When the getaddrinfo() function returns, the res structure contains the results that we use to set the results property:

-(void)nameWithSockaddr:(struct sockaddr *)saddr { [self setVars]; char host[1024]; char serv[20]; _errorCode = getnameinfo(saddr, sizeof saddr, host,
sizeof host, serv, sizeof serv, 0); self.hostname = [NSString stringWithUTF8String:host]; self.service = [NSString stringWithUTF8String:serv]; }

The nameWithSockaddr: method will retrieve the names associated with a given IP address. We start this method by calling the setVars method to initialize the object's properties. We then define the two character arrays that will contain the results of the getnameinfo() function call.

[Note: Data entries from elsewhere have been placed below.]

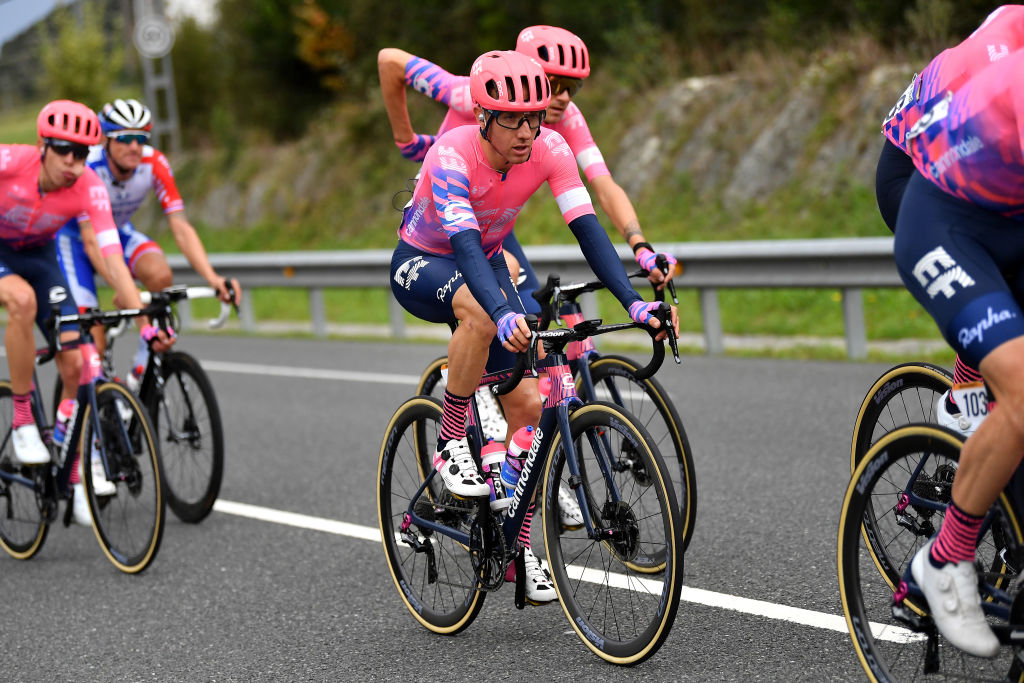 The first half of the stage skirted the coast without much drama, before turning inland at Zumaia for the riders to tackle a tougher second part. The long drag to the first climb of the day, the Puerto de Udana (6km at 2.3 per cent) saw Burgos-BH take up a position alongside Jumbo-Visma, while EF Pro Cycling's Daniel Martínez took a tumble in the peloton 95 kilometres out.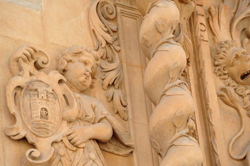 On either side of this main coat of arms are children bearing the insignia of the surnames of Don Juan and Doña Isabel, and at the top of this elaborate piece of stonework is the coat of arms of the Order of Santiago. The four Solomonic columns featured in the tableau are the reason for the palace sometimes being referred to as the Casa de las Columnas.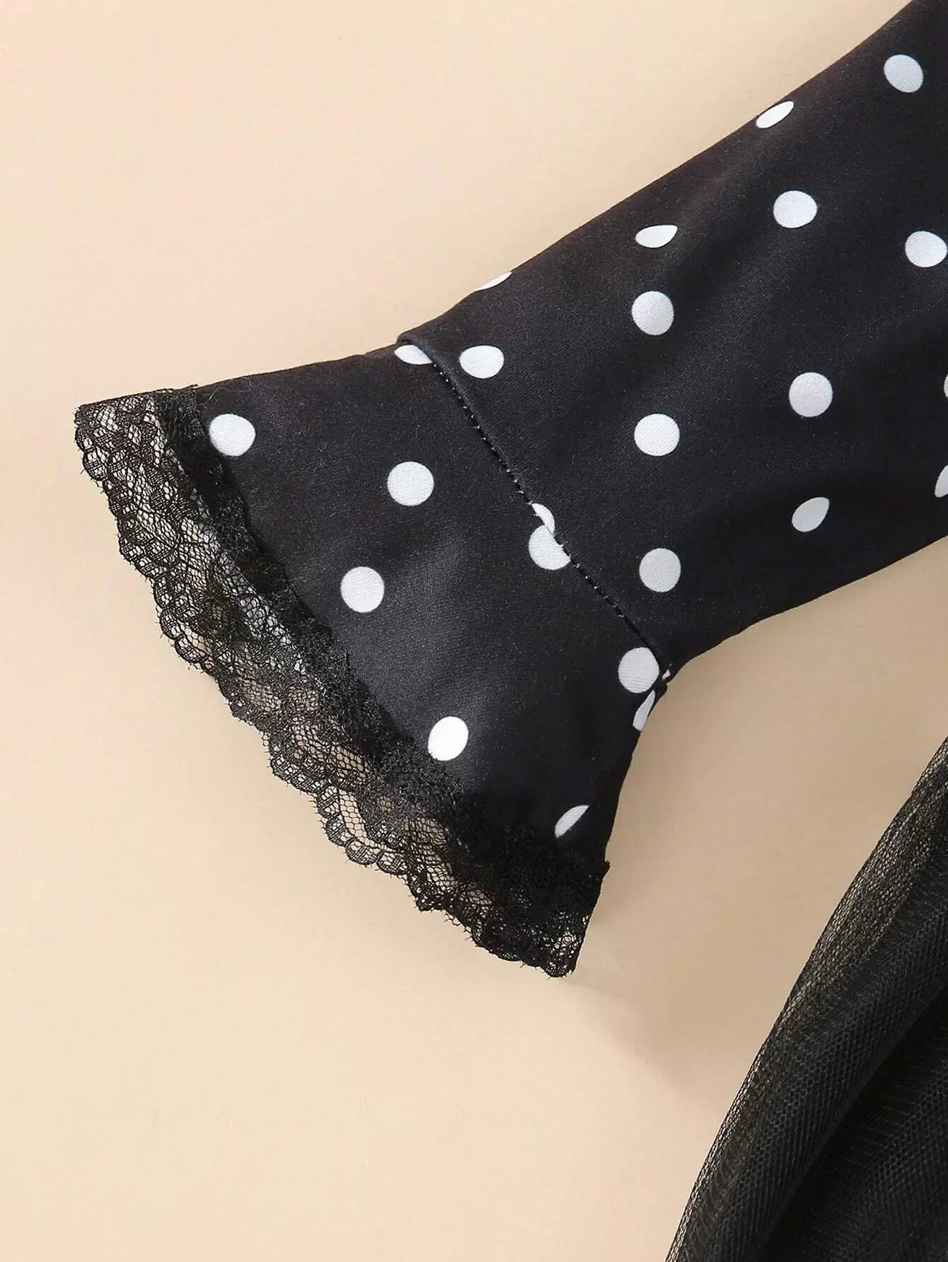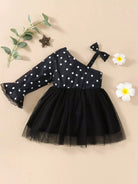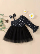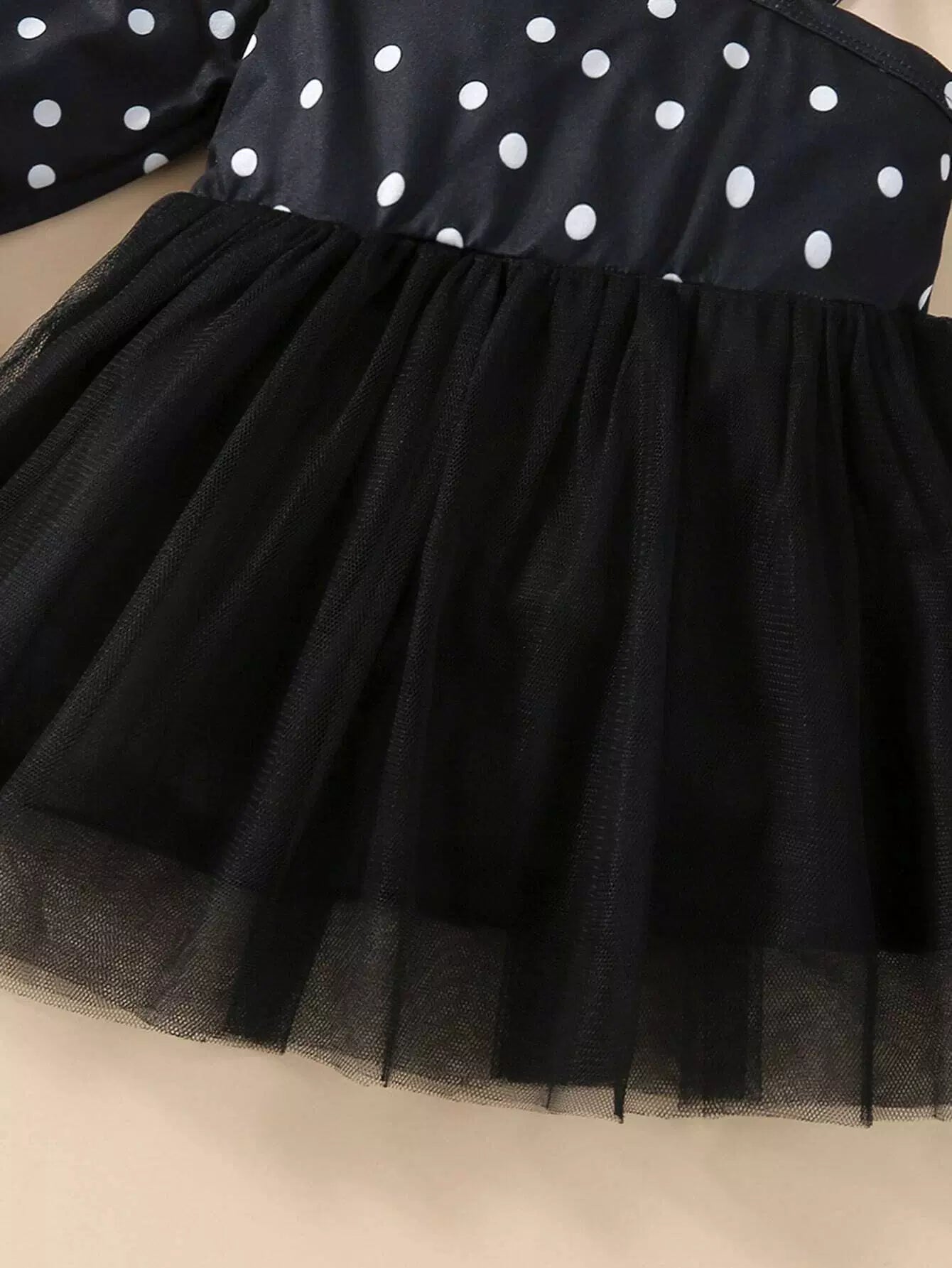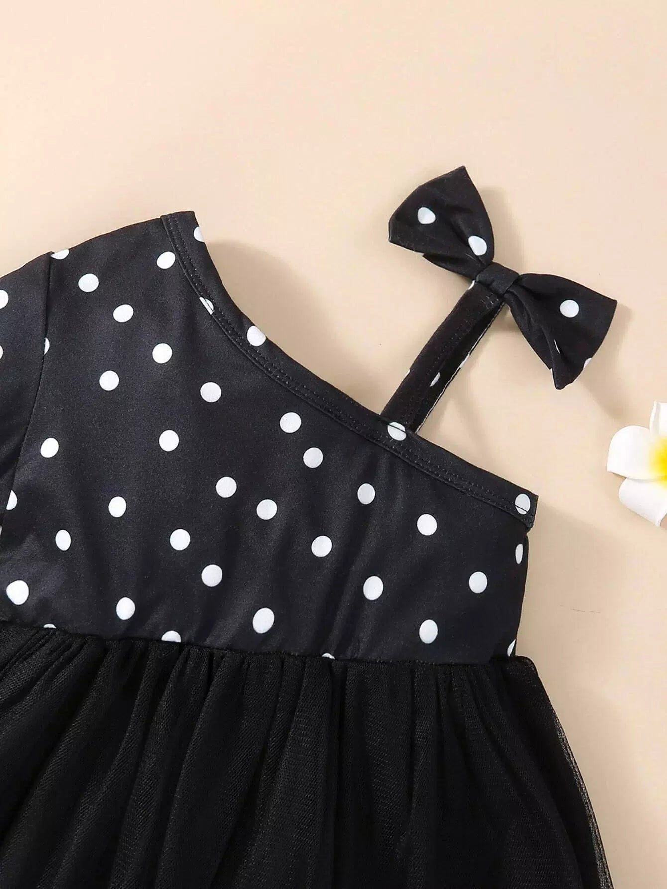 Baby Asymmetrical Neck Bow Detail Polka Dot Print Flounce Sleeve Dress
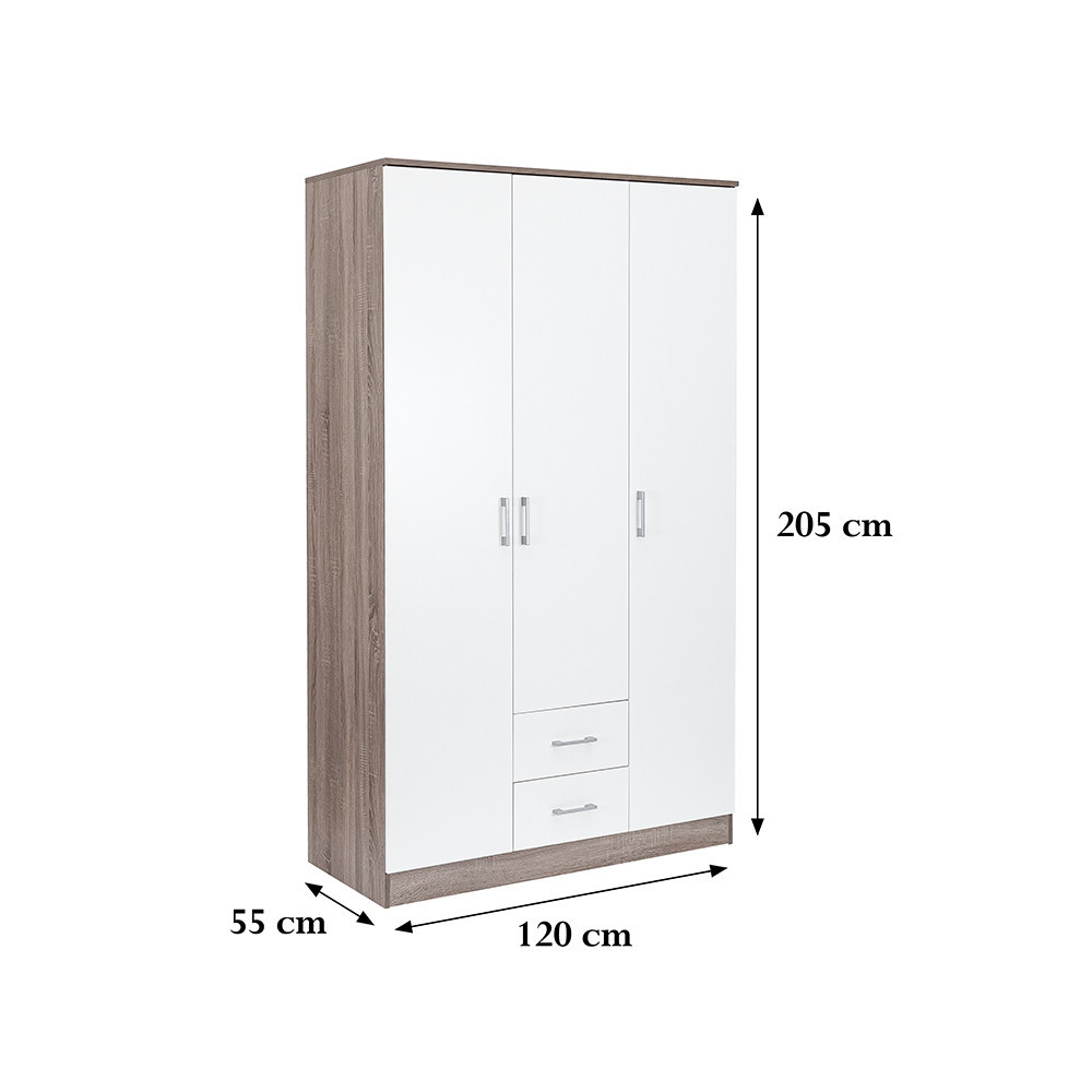 Elegantul față albă și efectul de lemn Corp de stejar York Combinația sa creează o armonie perfectă atât în sufragerie, cât și în dormitor. THE 205 cm înălțime, 120 cm lățime și 55 cm adâncime Un dulap este o alegere ideală pentru oricine dorește să își organizeze hainele și accesoriile.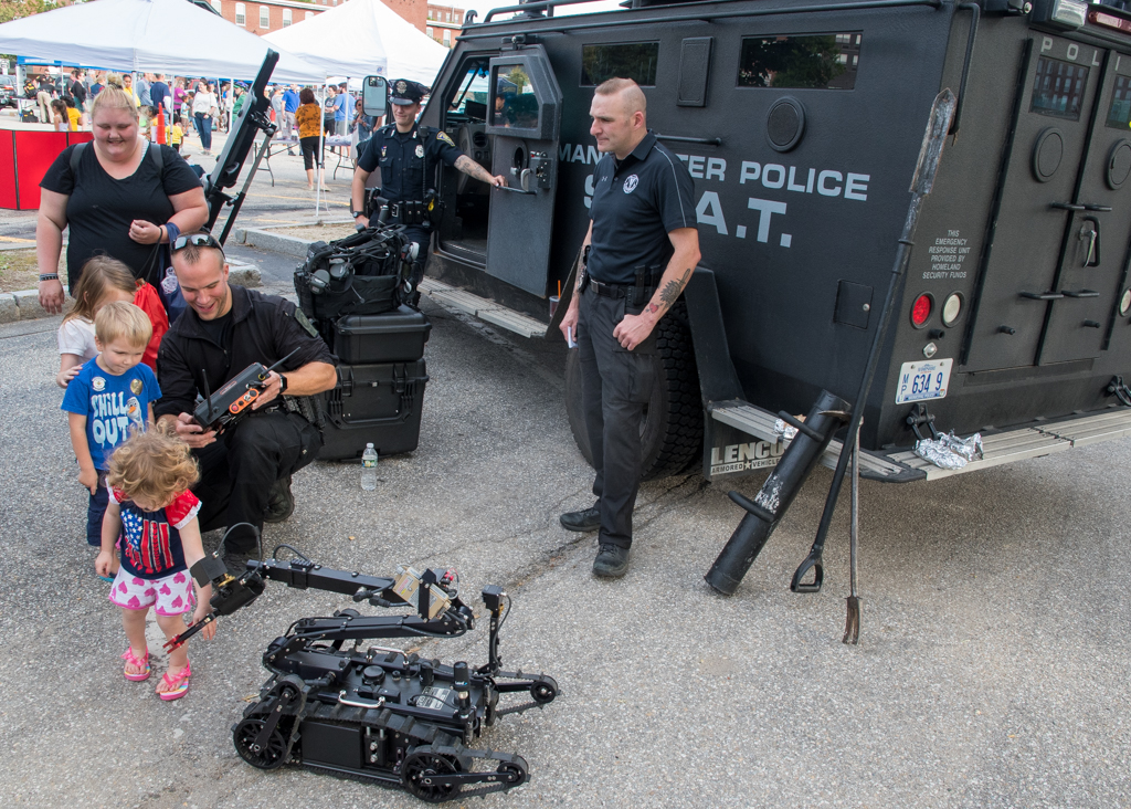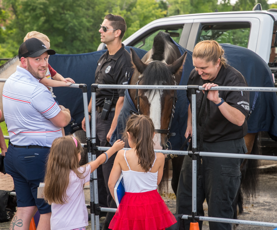 Kids got up close and personal with the city’s two Mounted Patrol horses, Enzo and General, climbed aboard a SWAT vehicle, did target practice at the SAFE (Students and Families Experiencing) Archery display, and watched motorcycle cops from the Manchester Police Department’s traffic division ride through an obstacle course.

The getnameinfo() function will take the address information from the saddr sockaddr structure, perform a lookup for the host/service name, and put the results into the host and serv character arrays. If the getnameinfo() function was successful, it will return 0, otherwise it will return -1.

Finally, we convert the host and serv character arrays to NSStrings and put the values into the hostname and service properties:

-(void)setVars { self.hostname = @""; self.service = @""; self.results = @""; _errorCode = 0; }

The setVars method simply sets all of the method's NSString properties to empty strings and the errorcode property to 0. This gives us a well-defined starting point for the method properties to make sure they do not contain stale information. Let's look at the errorString: method:

-(NSString *)errorString { return [NSString stringWithCString:gai_strerror(_errorCode)
encoding:NSASCIIStringEncoding]; }

The errorStiring method uses the gai_strerror() function to convert the error code from either the getnameinfo() or getaddrinfo() function calls to an actual error method that can tell us what went wrong; let's look at the setResults: method:

-(void)setResults:(struct addrinfo *)lResults { freeaddrinfo(self.results); _results = lResults; }

We create the setResults: method because we need to call the freeaddrinfo() function to release the results before setting the new results. This will avoid memory leaks in our application.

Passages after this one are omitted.